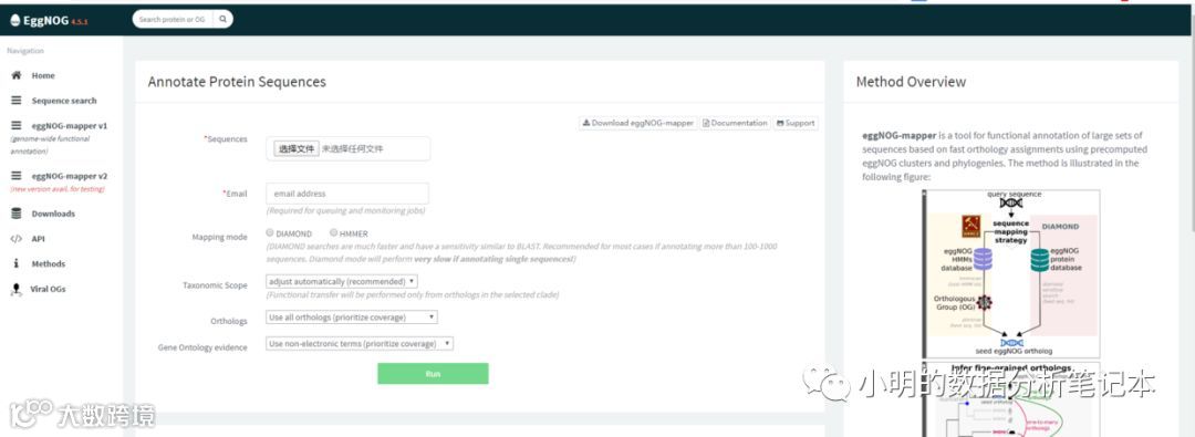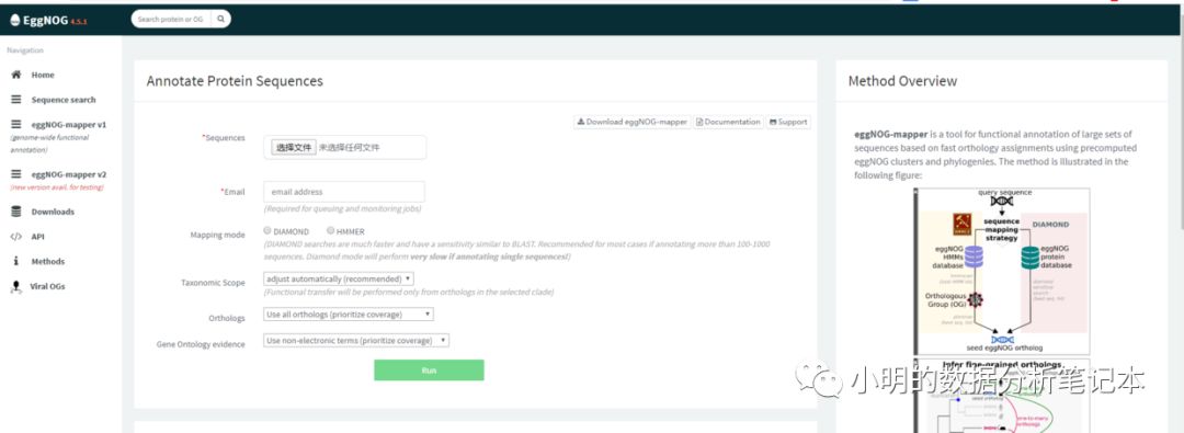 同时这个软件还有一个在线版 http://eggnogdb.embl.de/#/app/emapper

§ §

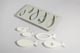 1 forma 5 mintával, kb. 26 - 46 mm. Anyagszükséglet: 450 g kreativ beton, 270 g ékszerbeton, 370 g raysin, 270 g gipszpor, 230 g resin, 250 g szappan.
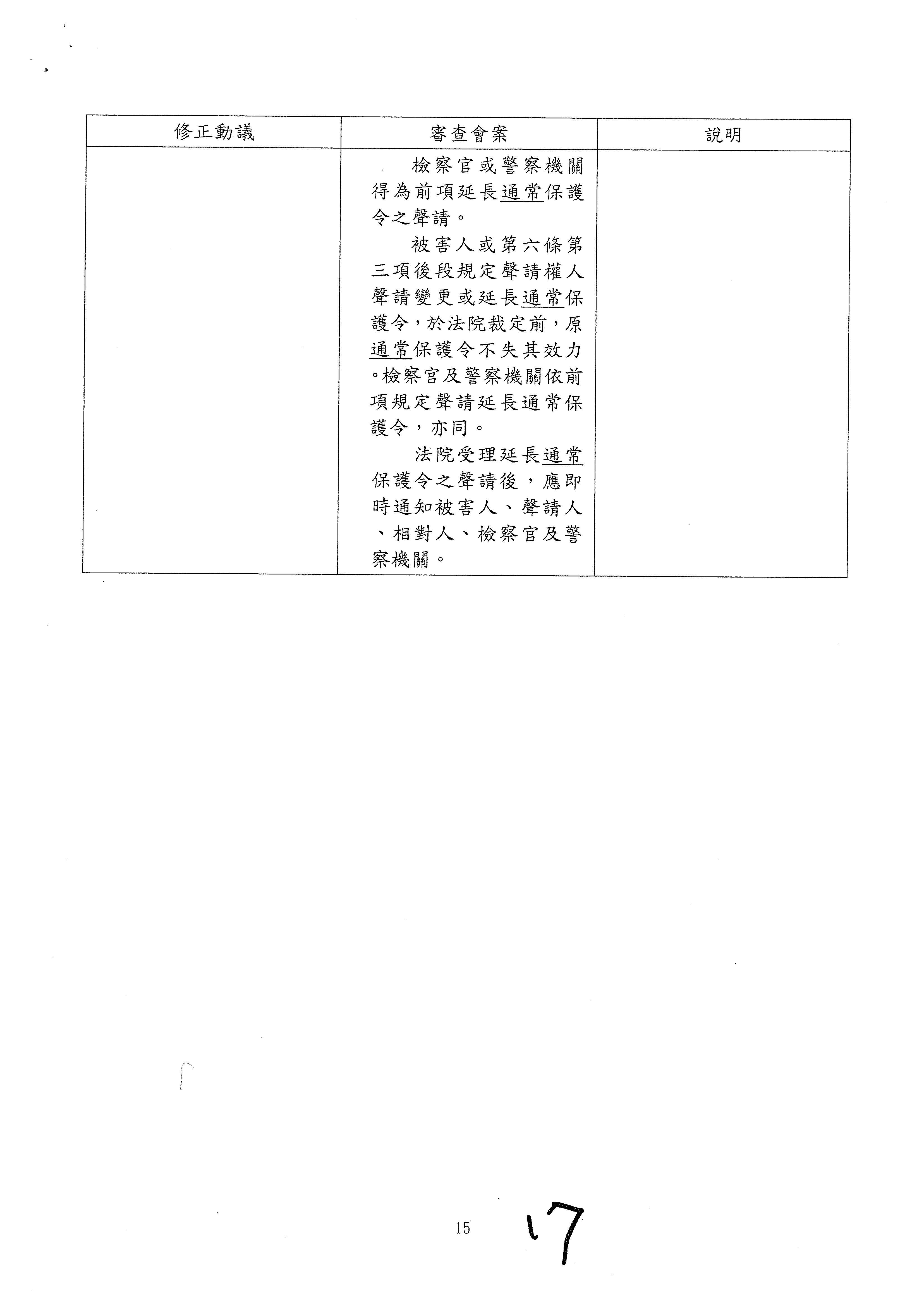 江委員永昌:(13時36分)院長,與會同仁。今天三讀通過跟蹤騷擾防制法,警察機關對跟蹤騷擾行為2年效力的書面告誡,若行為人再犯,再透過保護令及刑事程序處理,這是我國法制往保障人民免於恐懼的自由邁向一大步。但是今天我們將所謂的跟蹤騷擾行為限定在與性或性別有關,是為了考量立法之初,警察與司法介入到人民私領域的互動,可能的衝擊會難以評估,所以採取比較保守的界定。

§ §

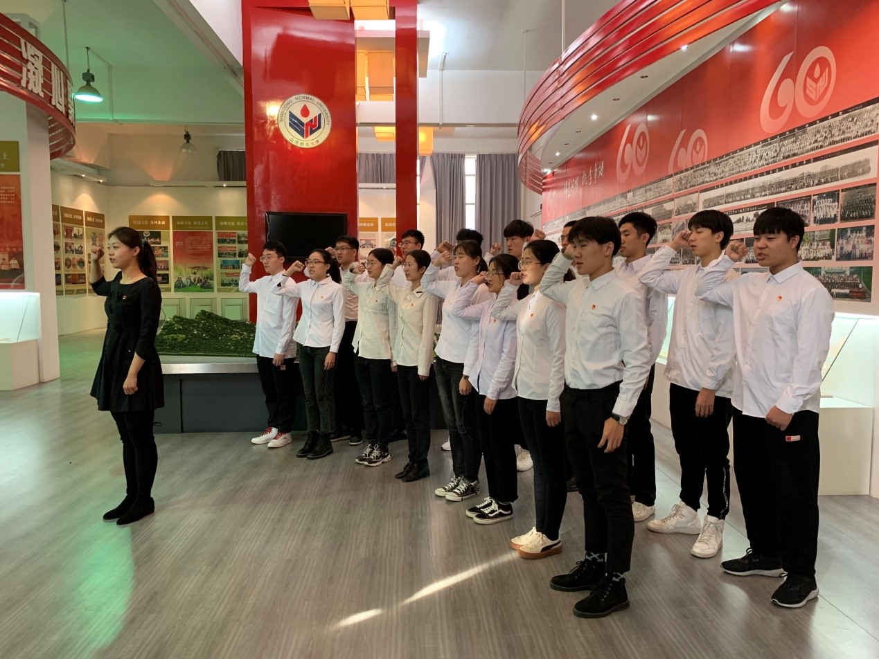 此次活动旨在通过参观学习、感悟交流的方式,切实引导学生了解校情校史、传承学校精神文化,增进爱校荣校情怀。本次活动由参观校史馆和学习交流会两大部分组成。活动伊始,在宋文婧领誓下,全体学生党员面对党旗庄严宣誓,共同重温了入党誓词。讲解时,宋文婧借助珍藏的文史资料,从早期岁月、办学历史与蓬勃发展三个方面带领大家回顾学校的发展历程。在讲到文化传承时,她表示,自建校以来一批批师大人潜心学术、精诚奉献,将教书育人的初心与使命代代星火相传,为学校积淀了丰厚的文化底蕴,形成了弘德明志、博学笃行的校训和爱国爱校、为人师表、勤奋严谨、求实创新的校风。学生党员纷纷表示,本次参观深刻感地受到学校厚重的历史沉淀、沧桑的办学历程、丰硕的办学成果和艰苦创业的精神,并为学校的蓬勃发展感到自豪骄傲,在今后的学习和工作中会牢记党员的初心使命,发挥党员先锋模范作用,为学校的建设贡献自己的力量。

§ §

- **EXERCISE REQUIREMENTS**
Above are the records; restate exactly the lines from the one containing "1 forma 5 mintával, kb." through the one containing "江委員永昌:(13時36分)", keeping pictures out.

- **OUTPUT BELOW**
 1 forma 5 mintával, kb. 26 - 46 mm. Anyagszükséglet: 450 g kreativ beton, 270 g ékszerbeton, 370 g raysin, 270 g gipszpor, 230 g resin, 250 g szappan.
 江委員永昌:(13時36分)院長,與會同仁。今天三讀通過跟蹤騷擾防制法,警察機關對跟蹤騷擾行為2年效力的書面告誡,若行為人再犯,再透過保護令及刑事程序處理,這是我國法制往保障人民免於恐懼的自由邁向一大步。但是今天我們將所謂的跟蹤騷擾行為限定在與性或性別有關,是為了考量立法之初,警察與司法介入到人民私領域的互動,可能的衝擊會難以評估,所以採取比較保守的界定。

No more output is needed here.